What is expected: Without pictures, retype the following entries exactly.

[[ Records open ]]

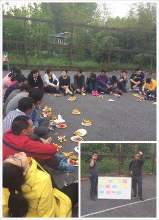 接着,大家围坐在综管部事先布置好的篮球场里,进入“数字大冒险”环节。由综管部同事说出一个数字,从指定一人开始数,数到谁,由其选择事先白板上的数字牌,数字牌背面是针对关于公司部门协调、团队合作、个人利益、团队利益、个人职业发展、员工执行力、结果导向等15个问题,由员工进行分享,让员工有机会了解到团队中出现的问题,并说出内心的想法,大家边吃水果边分享,道出了各自的理解、建议和想法等。自此,本次紫蓬山欢乐行在阵阵掌声中圆满结束。
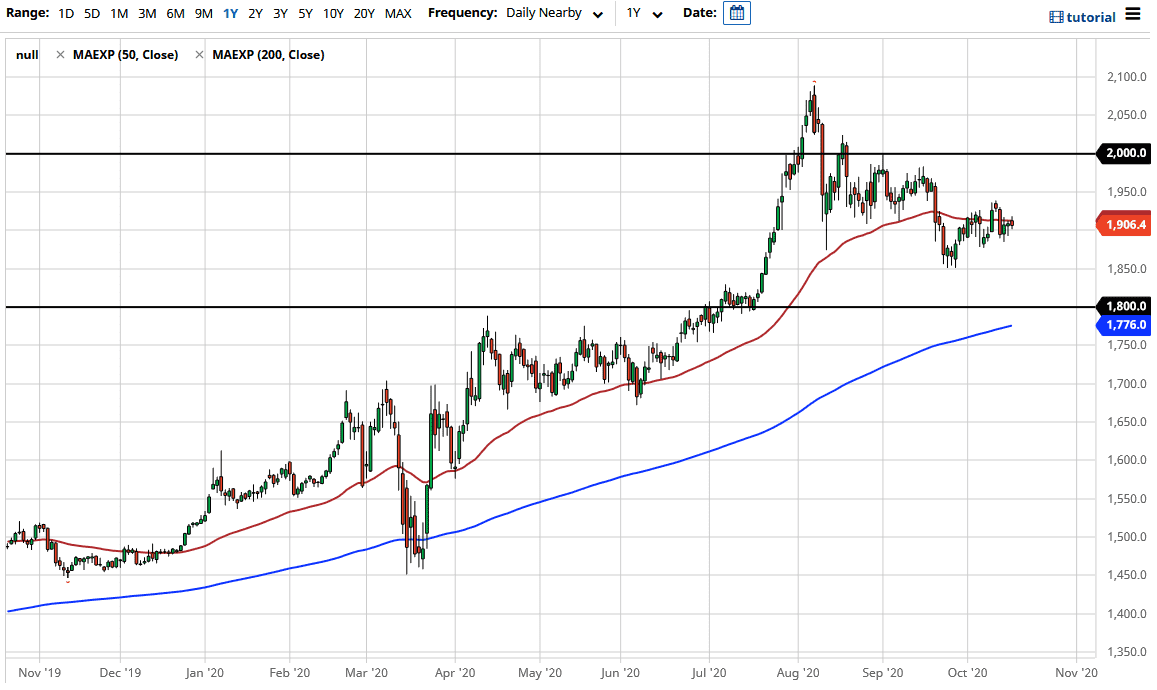 Gold markets have initially tried to rally during the trading session on Friday but gave back the gains above the 50 day EMA. The market still has shown a bit of support though, especially at the $1900 level. Ultimately, this is a market that I think continues to see a lot of sideways trading in general, and due to the fact that the 50 day EMA is so flat, we have so many different things happening at the same time that could come in and cause issues and perhaps more importantly, caution.
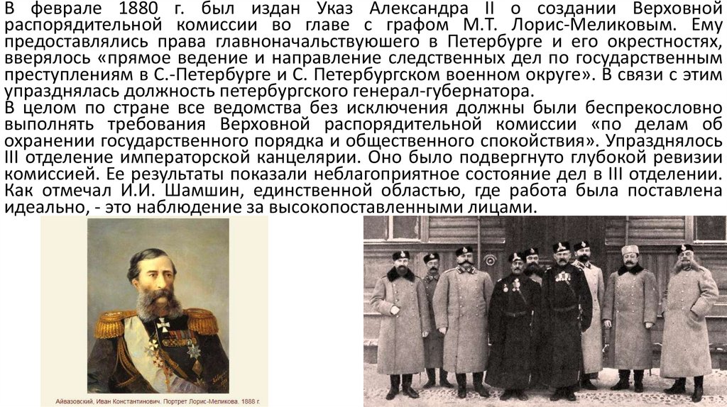 В феврале 1880 г. был издан Указ Александра II о создании Верховнойраспорядительной комиссии во главе с графом М.Т. Лорис-Меликовым. Ему
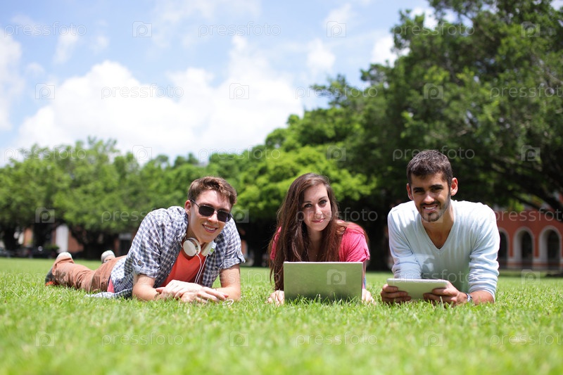 Счастливые студенты на поляне
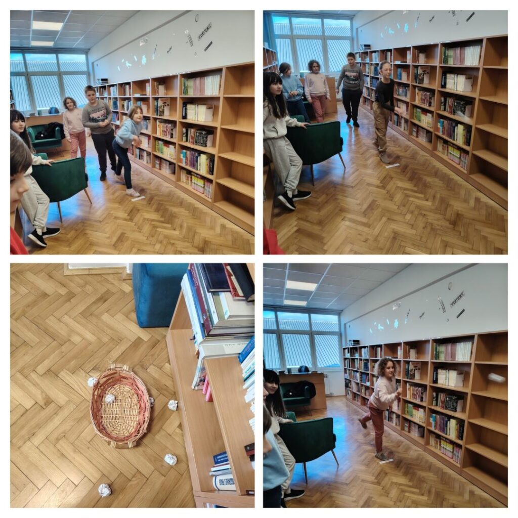 Na kraju radionice četvrtaši su se natjecali u bacanju “gruda” u košaru. Budući da u knjižnici nemamo snijeg (a vani se otopio), u košaru su bacali lopte od starog papira. Damir je jedini uspješno pogodio košaru i osvojio malenu nagradu.
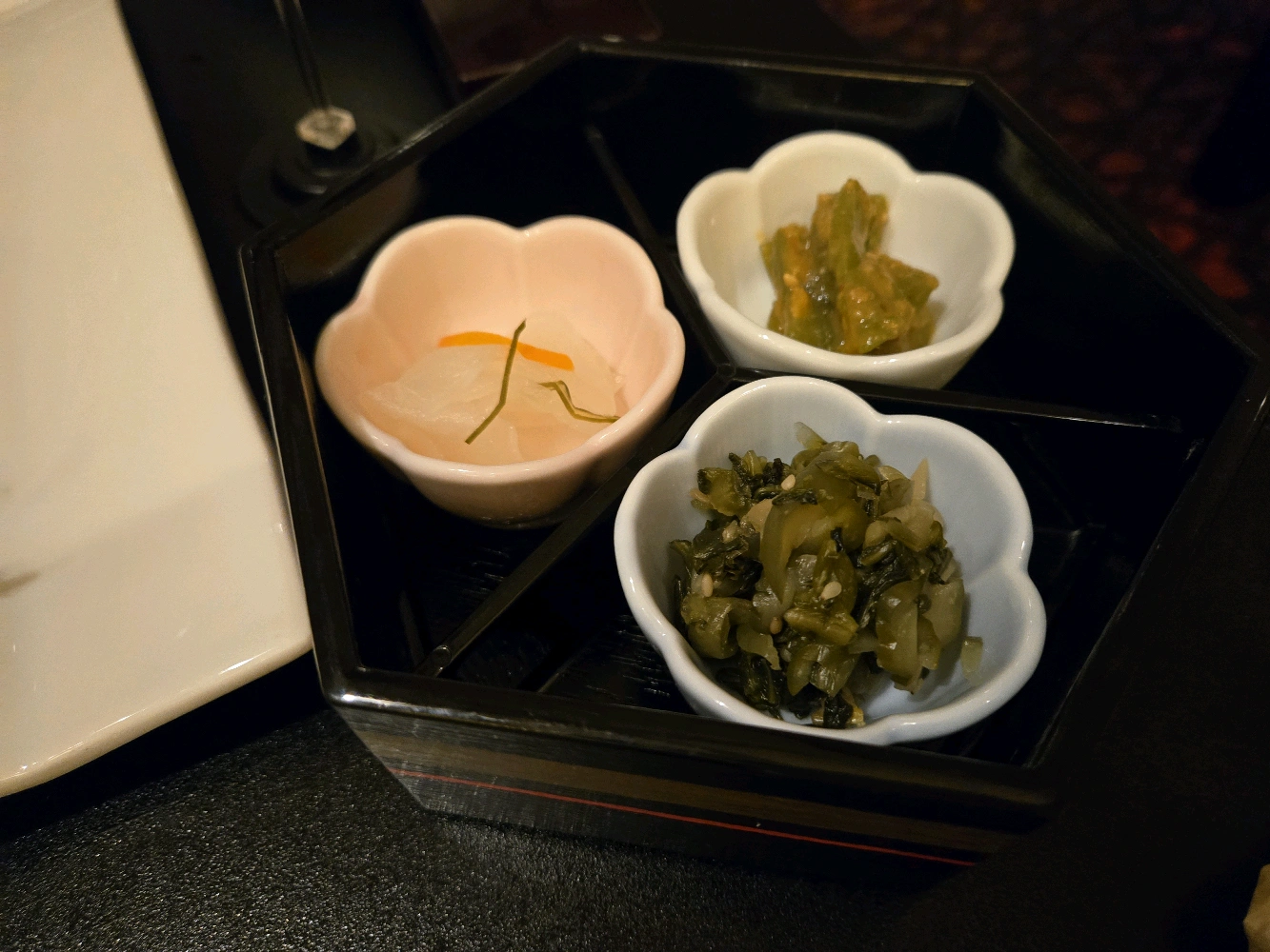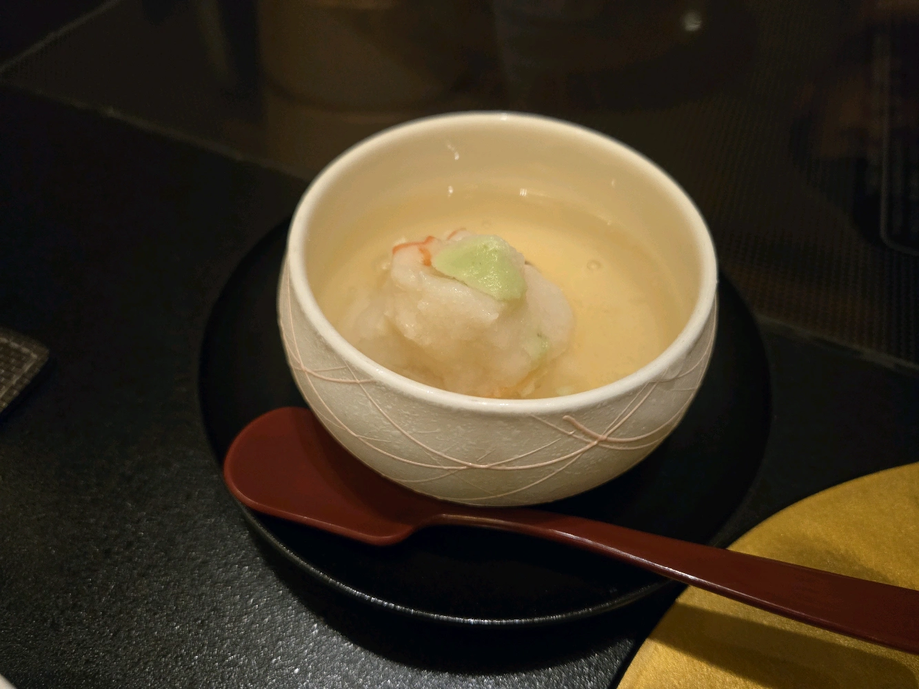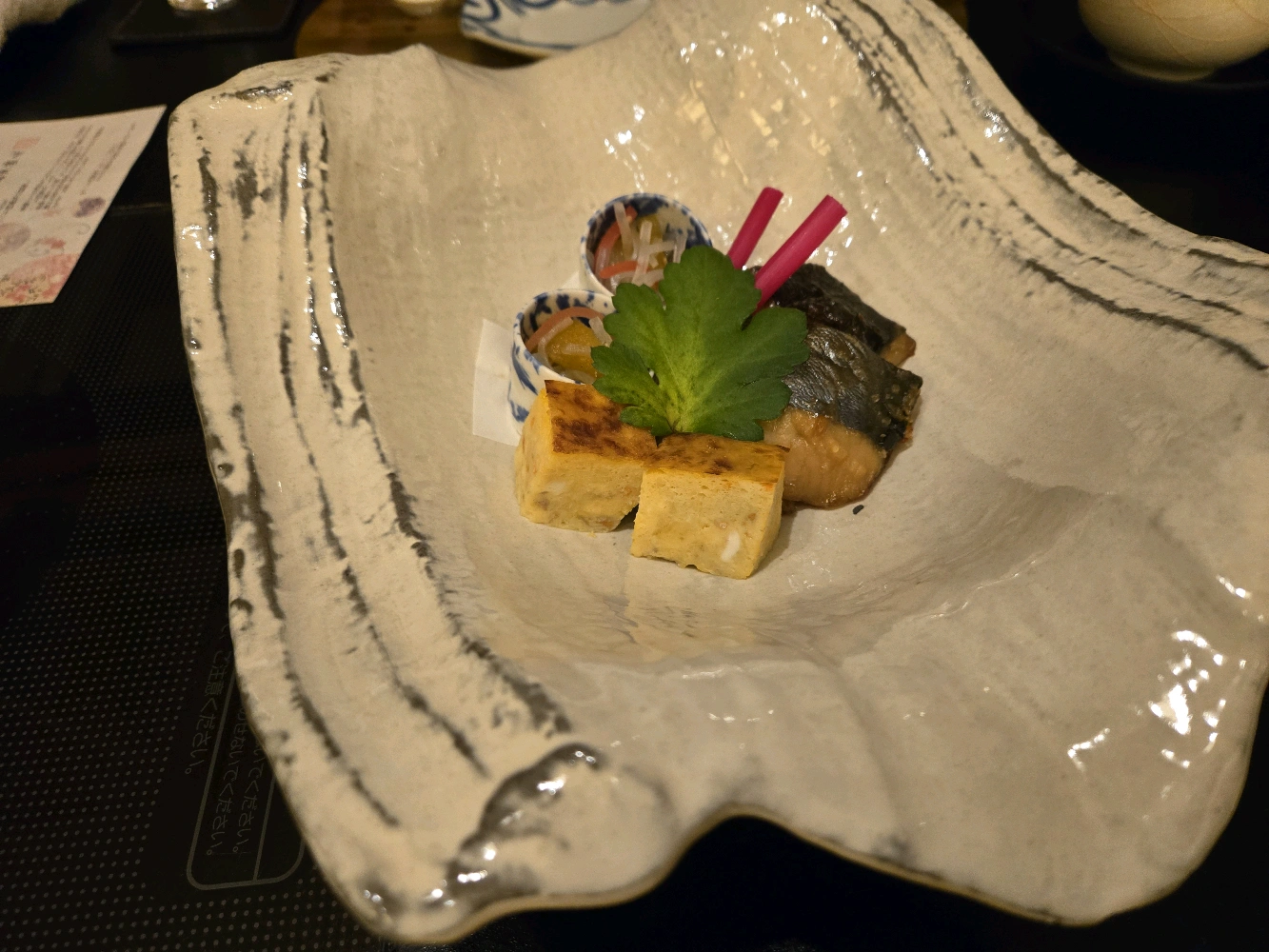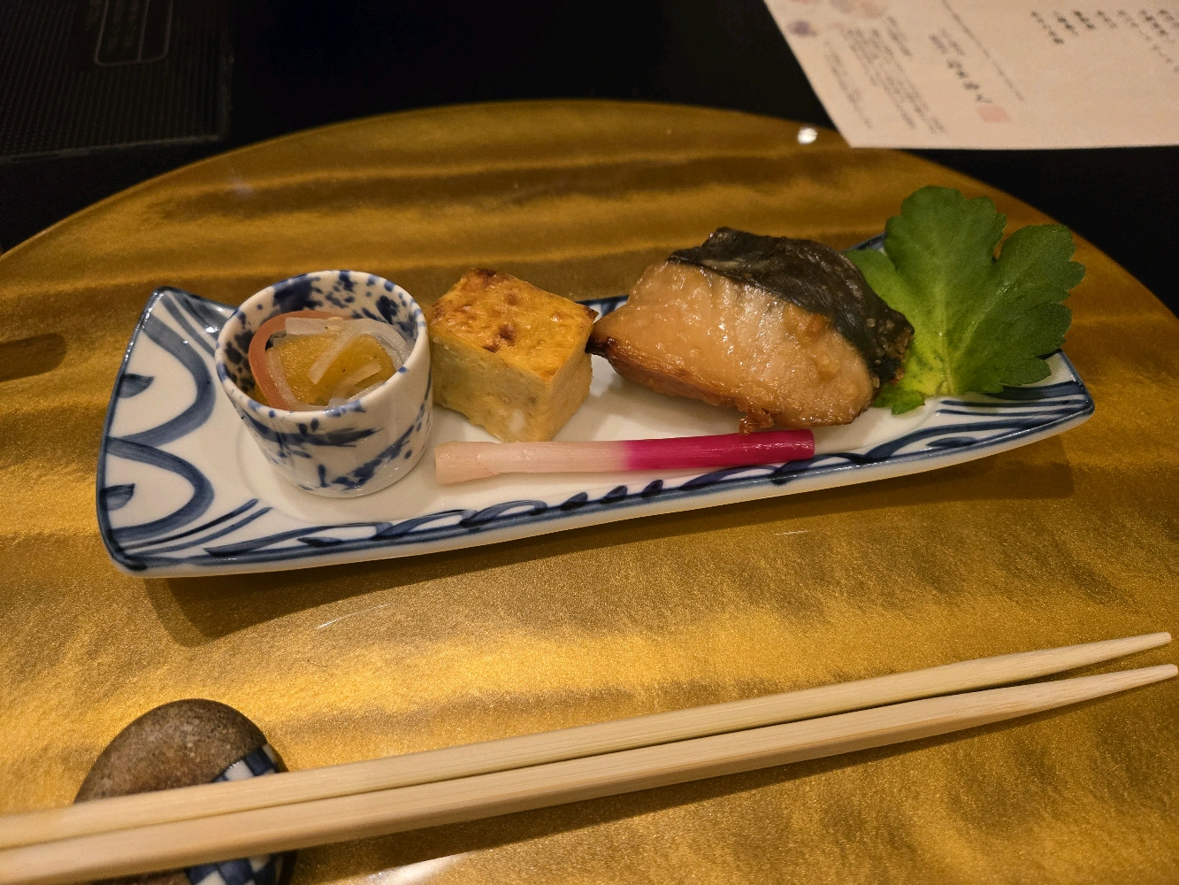 睦月膳 御品書き 睦月:日本舊曆的一月(正月)名稱,睦 むつき =和睦,帶有家人團聚、年初的溫馨氛圍。 使用當季食材(「二十四節氣料理」概念),希望讓人感受到季節變化、提供傳統日本料理的細膩風味。 / 🥂 ① 食前酒+先付(開場) 一開始的食前酒是檸檬風味,但其實是無酒精飲料,有點像氣泡飲的清爽感。這種設計還滿貼心的,就算不喝酒的人也可以一起進入用餐節奏。(孕婦友善! 先付「養老豆腐」,是一種用山藥泥(或山藥+高湯)做成像豆腐口感的料理。吃起來比想像中更細緻,上面再放上海膽和魚子,整體味道很柔。 / 🍱 ② 季節前菜拼盤 綠色葉片型瓷盤+後面小帳篷那道 內容大概是: 燉魚、白蘿蔔、青菜拌物(白和え)、魚卵壽司捲(小帳篷內)。 / 🐟 ③ 造里 四種盛り よんしゅもり 竹籃打開那組,是比較偏「原味呈現」的刺身拼盤,包含深紅色的鮪魚、粉白色的真鯛(或鰤魚)、花枝捲鮭魚卵。 裝飾:雪花蓮藕片(呼應一月冬雪)、紫蘇花穗、現磨生芥末。 あしらい 配角 / 擺盤配料 ・包含紫蘇葉、蘿蔔絲、檸檬片、花、葉子,或一些小配菜。 ・功能是提味(例如去腥)、增加層次、美觀。 一式(いっしき)= 一整套/全部 配料可能會依季節而不同,所以直接寫「一式」,就不用一個一個列出來。 / 🧺 ④ 向付 白色花型碗 是鯖魚和干貝的組合,搭配小町蕪(こまちかぶ,日本小白蘿蔔的一種)和茗荷(みょうが,日本薑,那片紅紫色的尖尖配菜)一起吃,味道比想像中有層次。 鯖魚的油脂比較重,但中間穿插一些清爽的配料,吃起來反而不會膩。 / 🍶 ⑤ 焼物 燒物是鰆的味噌幽庵燒,旁邊搭配玉子燒一起吃,味道多了一點甜味的平衡。 味噌幽庵焼(ゆうあんやき),一種日式經典燒法,醃料通常是:醬油、味醂、酒、柑橘(柚子或橙),有時會加味噌。 / 🍲 ⑥ 蒸物(甘鯛蒸し) 白肉魚甘鯛 上面搭一點山葵 清湯系 是一道偏冬季感的料理,以白肉魚(甘鯛)為主,口感很細緻,帶一點溫和的滑順感。 / 🥩 ⑦ 主角:近江牛しゃぶしゃぶ 日本三大和牛之一 (另外兩個是神戶牛、松阪牛) 來到滋賀縣琵琶湖這一帶, 一定要吃近江牛。 牛肉油花很漂亮,涮一下入口就化。 那一刻真的會覺得, 前面的鋪陳就是為了這一口😆 是說不知道為什麼桌上會出現「鮎のなれずし」(熟成香魚壽司)這個小立牌,但我完全沒印象有吃到😆 / 🍚 ⑧ 食事 蟹肉炊飯(釜炊き御飯) 赤出汁(紅味噌湯) 香物(漬物)三種盛り 炊飯帶著淡淡的高湯清甜。 中間那個白色小碟子上有一個金色的「巳」字,代表當年的生肖,很有收藏感。 / 🍧 ⑨ 水物(甜點) 草莓蛋糕+鮮奶油 水果(蘋果、葡萄)+ 布丁 草莓系慕斯 本來以為會是很日式的簡單小甜點,沒想到直接來一整套甜點拼盤,有夠驚喜😆 / 2026.04.06 回顧整理。 雖然是去年才去的,但不知道為什麼體感已經過了不只一年🥺

[[ Records closed ]]

Reply:
 接着,大家围坐在综管部事先布置好的篮球场里,进入“数字大冒险”环节。由综管部同事说出一个数字,从指定一人开始数,数到谁,由其选择事先白板上的数字牌,数字牌背面是针对关于公司部门协调、团队合作、个人利益、团队利益、个人职业发展、员工执行力、结果导向等15个问题,由员工进行分享,让员工有机会了解到团队中出现的问题,并说出内心的想法,大家边吃水果边分享,道出了各自的理解、建议和想法等。自此,本次紫蓬山欢乐行在阵阵掌声中圆满结束。
 Gold markets have initially tried to rally during the trading session on Friday but gave back the gains above the 50 day EMA. The market still has shown a bit of support though, especially at the $1900 level. Ultimately, this is a market that I think continues to see a lot of sideways trading in general, and due to the fact that the 50 day EMA is so flat, we have so many different things happening at the same time that could come in and cause issues and perhaps more importantly, caution.
 В феврале 1880 г. был издан Указ Александра II о создании Верховнойраспорядительной комиссии во главе с графом М.Т. Лорис-Меликовым. Ему
 Счастливые студенты на поляне
 Na kraju radionice četvrtaši su se natjecali u bacanju “gruda” u košaru. Budući da u knjižnici nemamo snijeg (a vani se otopio), u košaru su bacali lopte od starog papira. Damir je jedini uspješno pogodio košaru i osvojio malenu nagradu.
 睦月膳 御品書き 睦月:日本舊曆的一月(正月)名稱,睦 むつき =和睦,帶有家人團聚、年初的溫馨氛圍。 使用當季食材(「二十四節氣料理」概念),希望讓人感受到季節變化、提供傳統日本料理的細膩風味。 / 🥂 ① 食前酒+先付(開場) 一開始的食前酒是檸檬風味,但其實是無酒精飲料,有點像氣泡飲的清爽感。這種設計還滿貼心的,就算不喝酒的人也可以一起進入用餐節奏。(孕婦友善! 先付「養老豆腐」,是一種用山藥泥(或山藥+高湯)做成像豆腐口感的料理。吃起來比想像中更細緻,上面再放上海膽和魚子,整體味道很柔。 / 🍱 ② 季節前菜拼盤 綠色葉片型瓷盤+後面小帳篷那道 內容大概是: 燉魚、白蘿蔔、青菜拌物(白和え)、魚卵壽司捲(小帳篷內)。 / 🐟 ③ 造里 四種盛り よんしゅもり 竹籃打開那組,是比較偏「原味呈現」的刺身拼盤,包含深紅色的鮪魚、粉白色的真鯛(或鰤魚)、花枝捲鮭魚卵。 裝飾:雪花蓮藕片(呼應一月冬雪)、紫蘇花穗、現磨生芥末。 あしらい 配角 / 擺盤配料 ・包含紫蘇葉、蘿蔔絲、檸檬片、花、葉子,或一些小配菜。 ・功能是提味(例如去腥)、增加層次、美觀。 一式(いっしき)= 一整套/全部 配料可能會依季節而不同,所以直接寫「一式」,就不用一個一個列出來。 / 🧺 ④ 向付 白色花型碗 是鯖魚和干貝的組合,搭配小町蕪(こまちかぶ,日本小白蘿蔔的一種)和茗荷(みょうが,日本薑,那片紅紫色的尖尖配菜)一起吃,味道比想像中有層次。 鯖魚的油脂比較重,但中間穿插一些清爽的配料,吃起來反而不會膩。 / 🍶 ⑤ 焼物 燒物是鰆的味噌幽庵燒,旁邊搭配玉子燒一起吃,味道多了一點甜味的平衡。 味噌幽庵焼(ゆうあんやき),一種日式經典燒法,醃料通常是:醬油、味醂、酒、柑橘(柚子或橙),有時會加味噌。 / 🍲 ⑥ 蒸物(甘鯛蒸し) 白肉魚甘鯛 上面搭一點山葵 清湯系 是一道偏冬季感的料理,以白肉魚(甘鯛)為主,口感很細緻,帶一點溫和的滑順感。 / 🥩 ⑦ 主角:近江牛しゃぶしゃぶ 日本三大和牛之一 (另外兩個是神戶牛、松阪牛) 來到滋賀縣琵琶湖這一帶, 一定要吃近江牛。 牛肉油花很漂亮,涮一下入口就化。 那一刻真的會覺得, 前面的鋪陳就是為了這一口😆 是說不知道為什麼桌上會出現「鮎のなれずし」(熟成香魚壽司)這個小立牌,但我完全沒印象有吃到😆 / 🍚 ⑧ 食事 蟹肉炊飯(釜炊き御飯) 赤出汁(紅味噌湯) 香物(漬物)三種盛り 炊飯帶著淡淡的高湯清甜。 中間那個白色小碟子上有一個金色的「巳」字,代表當年的生肖,很有收藏感。 / 🍧 ⑨ 水物(甜點) 草莓蛋糕+鮮奶油 水果(蘋果、葡萄)+ 布丁 草莓系慕斯 本來以為會是很日式的簡單小甜點,沒想到直接來一整套甜點拼盤,有夠驚喜😆 / 2026.04.06 回顧整理。 雖然是去年才去的,但不知道為什麼體感已經過了不只一年🥺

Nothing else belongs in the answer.